Tuesday, April 12, 2005

Influential Albums from My Misspent Youth
2. Tom Waits, Bone Machine (1992)


This was the first Tom Waits album I ever had; I borrowed it from my uncle not too long after its release. And I’m not sure why. I know two things. I had previously heard Waits’ soundtrack to the film One From the Heart, a collection of duets with Crystal Gayle, via this same uncle. And I know I had read a rave review of the album in Musician magazine.

I subscribed to Musician from 1991 till the end of its days in, I believe, 1998. It was a profound factor in my decision to be a music writer, not because they wrote about new distortion pedals or MIDI technology (and boy, did they ever!) but because they also got songwriters, players, singers, producers etc. to really open up about the creative process. Oftentimes I feel I should have stopped writing about music when the damn thing up and died.

Anyway. The dirtiness of this record -- the raw production and unknowable instrumentation -- appealed to me like nothing had before. I wonder if anyone else was prepared for discovering punk and indie-rock with this album or another of Waits’. I also loved Bone Machine’s weirdness -- for some reason I cherish the memory of trying to describe the track “The Ocean Doesn’t Want Me Today” to a friend on the car-pool ride home from marching band practice.

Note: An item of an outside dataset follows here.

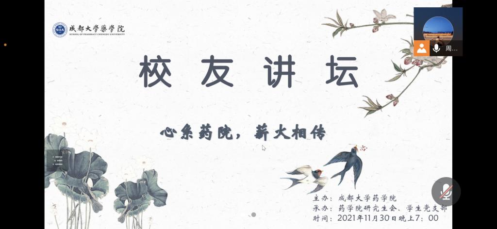 (图/许丽佳;文/银志航、许丽佳)11月30日晚,体育平台 “心系药院,薪火相传“主题校友讲坛顺利落幕。本次校友讲坛邀请了2012届药剂学专业校友金英华、2018届药剂学专业校友符海娟和2018届药物化学专业校友左柯三位优秀校友担任主讲嘉宾。体育平台 2021级本科和硕士研究生百余人通过腾讯会议线上会议室一起聆听了校友们的精彩分享。三位校友分别以药企研发需求和现状,外企销售魅力以及国外博士留学之路为宣讲主题进行了分享交流。....

I was already a little familiar with Waits, so the funny voice was no longer a novelty, although it did serve as a hook, something different to get me to listen more than once. And there was humor here, especially “Goin’ Out West,” which delighted me then and still does, with lines like “I’m gonna change my name to Hannibal/Or maybe just Rex.”

I held on to my uncle’s copy as long as I could. When he asked for it back, I think I managed to get the album onto a blank tape. After Bone Machine, I put on as many songs as I could fit from For Unlawful Carnal Knowledge by Van Halen. Kinda wish I still had that tape.

Overall, I think I was definitely drawn to the unhinged spookiness of songs like “Earth Died Screaming” and “All Stripped Down,” perhaps for teen-angst reasons. And, to reiterate, I think I also developed an attachment to the elements of Bone Machine’s sound that appeared unvarnished or natural, as if Waits had just pulled the songs out from the ground, not even bothering to pat the dirt off.

Another fun memory: Tom Waits plugging the album on The Arsenio Hall Show. The host attempts to engage Waits on a number of subjects, including the sound of the album, working with Keith Richards, and Waits’ role in Bram Stoker’s Dracula. Waits is seemingly off-kilter and mumbly and everyone eats it up.

Listening to Bone Machine now, it doesn’t sound quite as unpredictable. I enjoy my share of Tom Waits music, though his affectations are much more apparent to me now. (I am of the opinion that his work in the ‘70s, though sometimes lovely, suffers the most, with all the relentlessly soused piano ballads.) As strange as it may sound, I wonder if the Maxell Conundrum has had its way with my memories of this album, if I actually remember it being even more unvarnished. (I am aware, by the way, that the Conundrum, described in the previous entry in this series, is a sort of bargain-basement McLuhan.)

But there’s a lot I still enjoy: the funeral march “Dirt in the Ground”; the very strange manifestation of Waits’ Brecht-Weill influence, “In the Colosseum” (that’s how it’s spelled on the CD); and this great line from the Richards collaboration “That Feel”: “Well, you say that it’s gospel/But I know that it’s only church.”

Next in this series: Sonic Youth’s Washing Machine (Wow! What synergy!)

2 Comments:

Blogger Greycats said...

Tom Waits - hum. Interesting actor but I feel like he's an acquired taste like liver or tomolives, you know? The only scratchy voice man I prefer is Greg Dulli.

12:00 AM  
Blogger j. edward keyes said...

man, this is still one of my favorite records of all time; the crazy religious apocalysm and the acknowledgment of the great post-death nothing all made the 18 year old me go bananas with glee. i remember pleading with my college band to cover "Going Out West" to no avail; I still think this record is totally spooky, even tho I agree with everything you've said about Waits affectations becoming predictable, but they still feel so fresh for me on this one.